What each part of the output means

The comparison table and recommendation box translate raw per-token pricing into numbers you can act on.

Cost tiers (row color)

Each model's total monthly cost is color-coded so you can scan for budget fit at a glance: green is under $50/month, yellow is $50-500/month, orange is $500-2,000/month, and red is over $2,000/month. The cheapest selected model is flagged with a 'Cheapest' badge.

1,000 calls/day, 2,000 input + 800 output tokens, 30 days

Gemini 2.5 Flash    $11.70/mo    (green — Cheapest)
Claude Haiku 4.5    $144.00/mo   (yellow)
GPT-5 Pro           $1,320.00/mo (orange)
Claude Opus 4.5     $2,700.00/mo (red)

Input/Output split and cost per call

Input cost and output cost are shown separately because output tokens are typically priced 3-5x higher than input tokens. If your output cost dominates, shortening responses (lower max_tokens, more concise prompts) saves more than optimizing the prompt. Cost per call is useful for attributing cost to a specific feature: multiply it by your feature's expected call volume.

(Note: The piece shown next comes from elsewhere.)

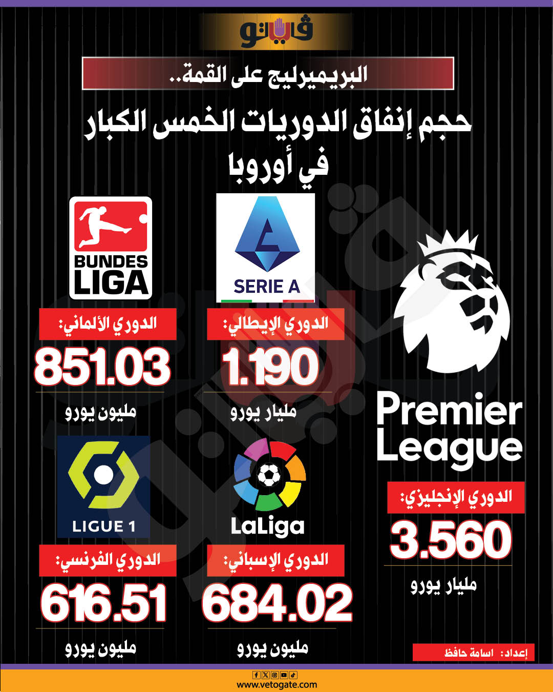 البريميرليج على القمة.. حجم إنفاق الدوريات الخمس الكبار في أوروبا (إنفوجراف)

Claude Sonnet 4.6 at 1,000 calls/day, 30 days:

Input:  $180.00/mo  (60,000,000 tokens × $3/MTok)
Output: $360.00/mo  (24,000,000 tokens × $15/MTok)
Total:  $540.00/mo
Cost per call: $0.018

Recommendation

A plain-English summary picking the highest-tier model (flagship/balanced/fast) that still falls in the 'moderate cost or below' band. If the absolute cheapest model is a different one (usually a fast-tier model), it's named separately so you can decide whether the quality tradeoff is worth the saving.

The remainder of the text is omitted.